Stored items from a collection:

▶

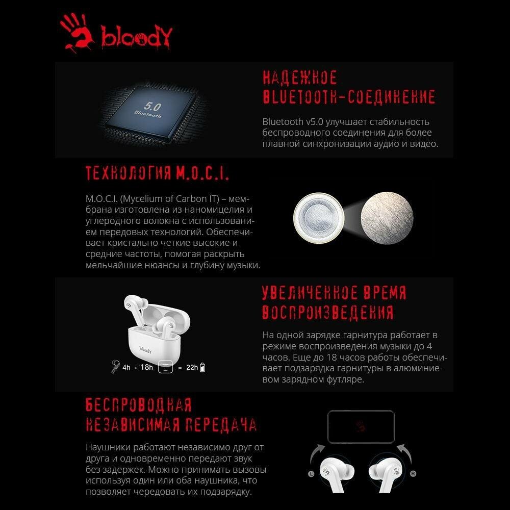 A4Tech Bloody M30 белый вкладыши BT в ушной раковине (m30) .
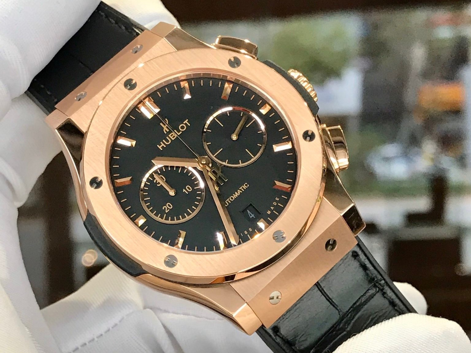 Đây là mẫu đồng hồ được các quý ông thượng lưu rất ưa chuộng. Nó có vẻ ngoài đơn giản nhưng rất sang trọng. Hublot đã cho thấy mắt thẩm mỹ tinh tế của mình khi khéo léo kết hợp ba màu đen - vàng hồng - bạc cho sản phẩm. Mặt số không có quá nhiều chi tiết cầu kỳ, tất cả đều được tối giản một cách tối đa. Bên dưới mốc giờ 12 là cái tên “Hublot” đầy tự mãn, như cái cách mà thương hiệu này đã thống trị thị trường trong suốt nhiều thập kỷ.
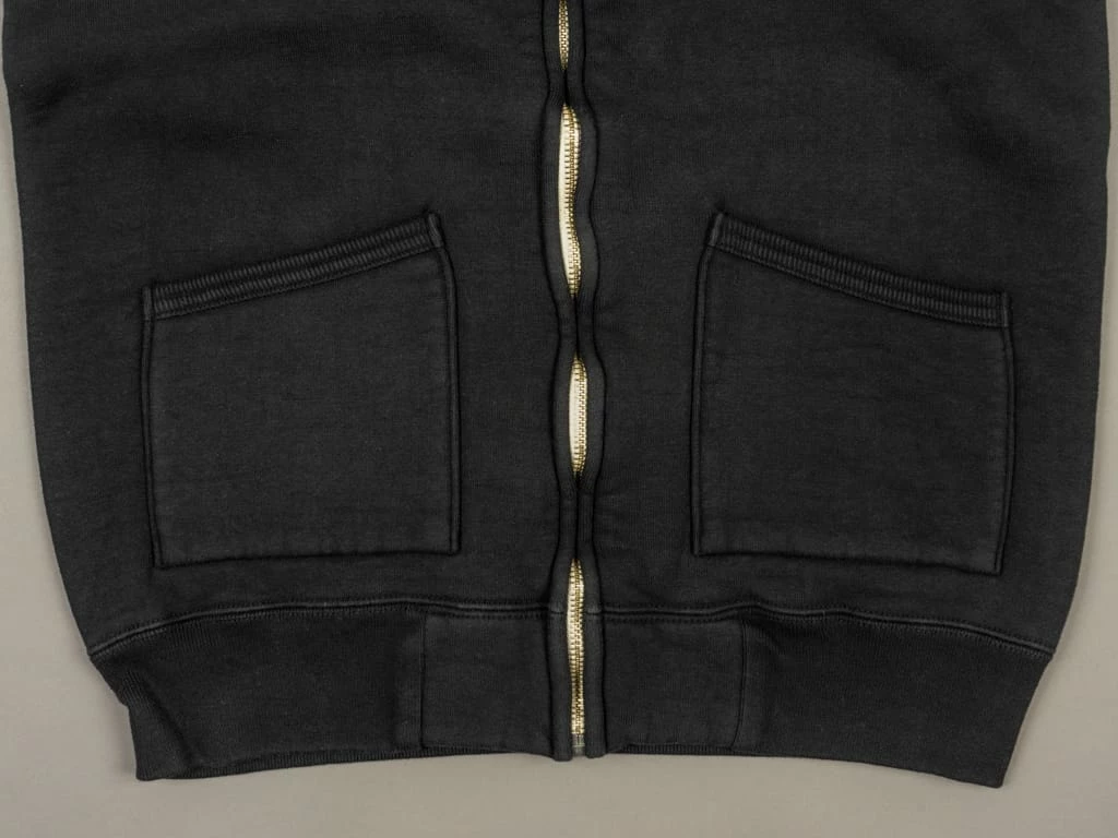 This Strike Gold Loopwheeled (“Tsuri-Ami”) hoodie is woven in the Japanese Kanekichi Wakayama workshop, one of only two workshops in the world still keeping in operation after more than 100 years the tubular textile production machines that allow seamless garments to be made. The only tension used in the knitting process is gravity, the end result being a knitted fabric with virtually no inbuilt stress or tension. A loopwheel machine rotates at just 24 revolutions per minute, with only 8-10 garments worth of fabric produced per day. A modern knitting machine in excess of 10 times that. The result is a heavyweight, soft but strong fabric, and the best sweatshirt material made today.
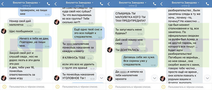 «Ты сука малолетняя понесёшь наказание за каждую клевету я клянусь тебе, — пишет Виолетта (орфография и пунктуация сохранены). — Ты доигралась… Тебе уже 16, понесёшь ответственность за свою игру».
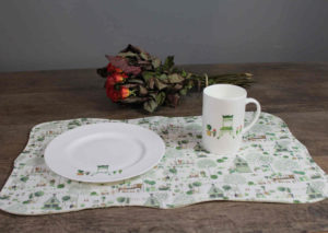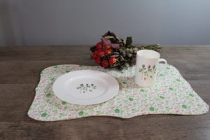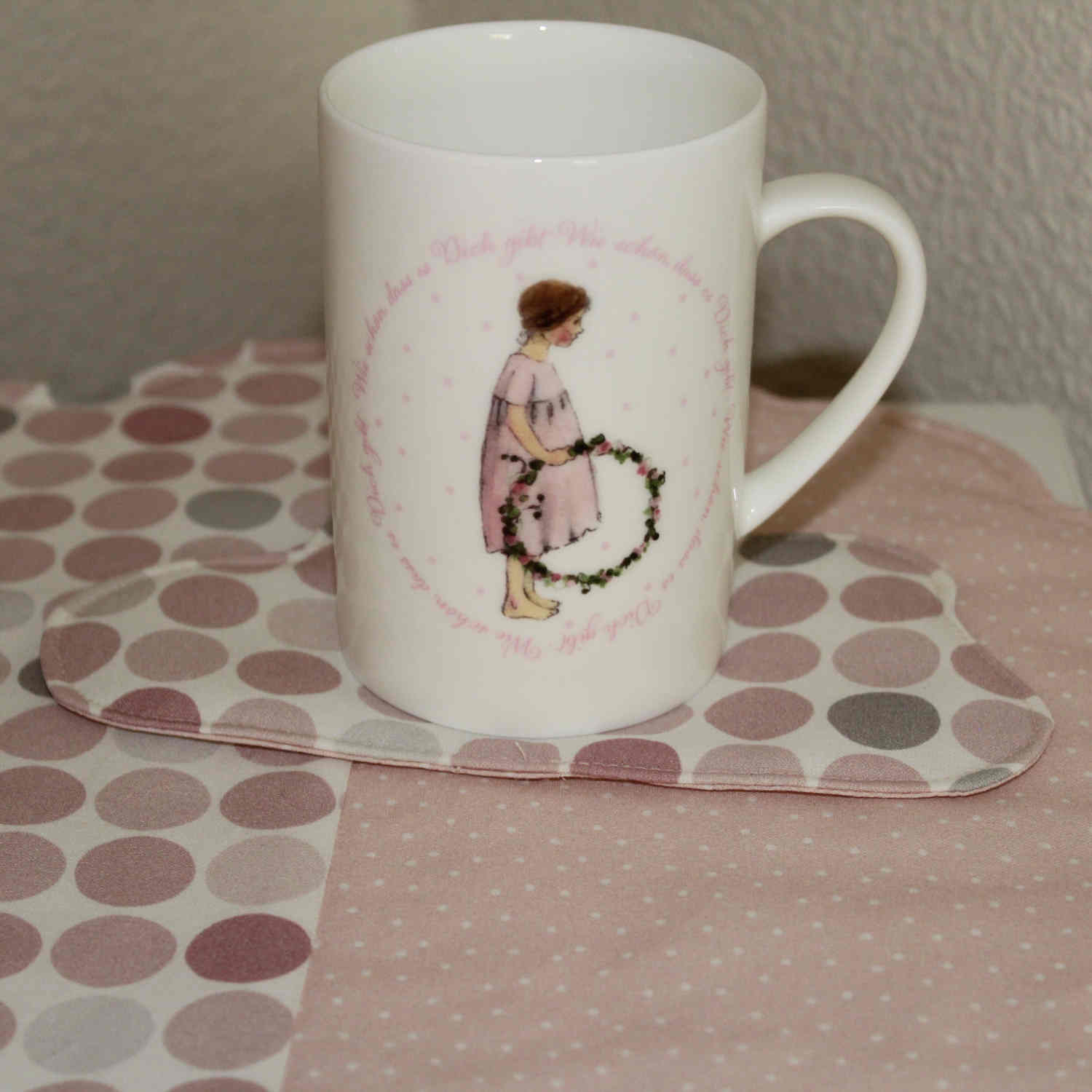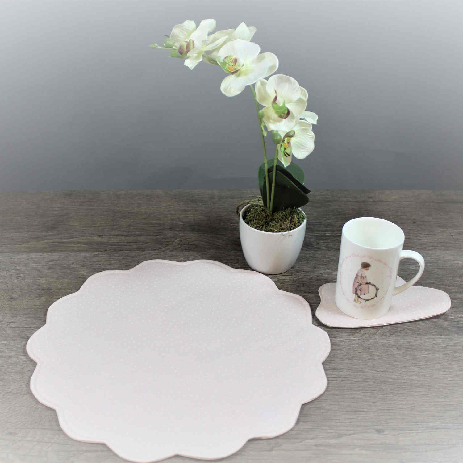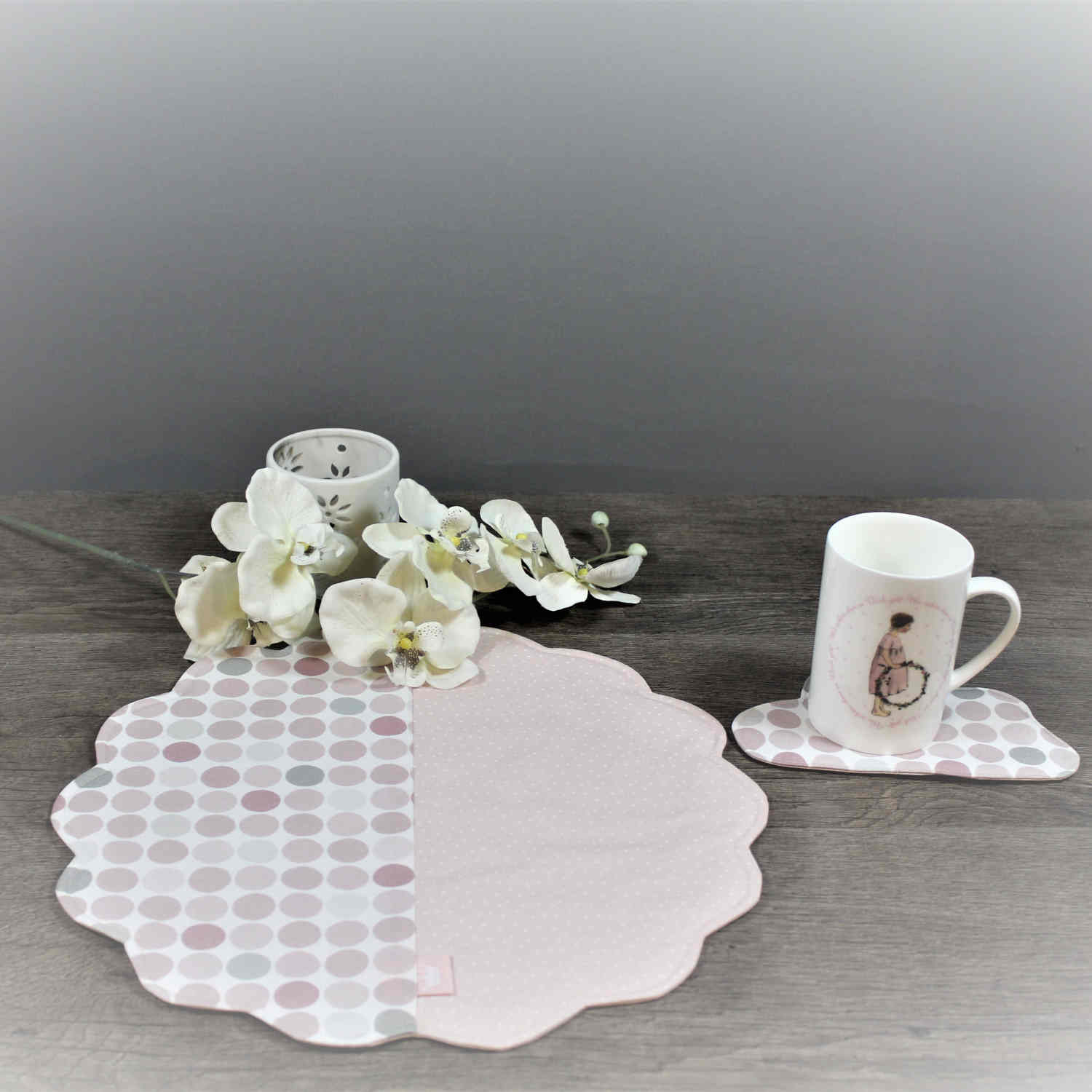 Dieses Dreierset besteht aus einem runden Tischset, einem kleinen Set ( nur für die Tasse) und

◀

● Exercise details
Leaving out every picture, transcribe exactly the lines from the line that contains "сука малолетняя понесёшь" through the final line of the entries above.

● Written answer
 «Ты сука малолетняя понесёшь наказание за каждую клевету я клянусь тебе, — пишет Виолетта (орфография и пунктуация сохранены). — Ты доигралась… Тебе уже 16, понесёшь ответственность за свою игру».
 Dieses Dreierset besteht aus einem runden Tischset, einem kleinen Set ( nur für die Tasse) und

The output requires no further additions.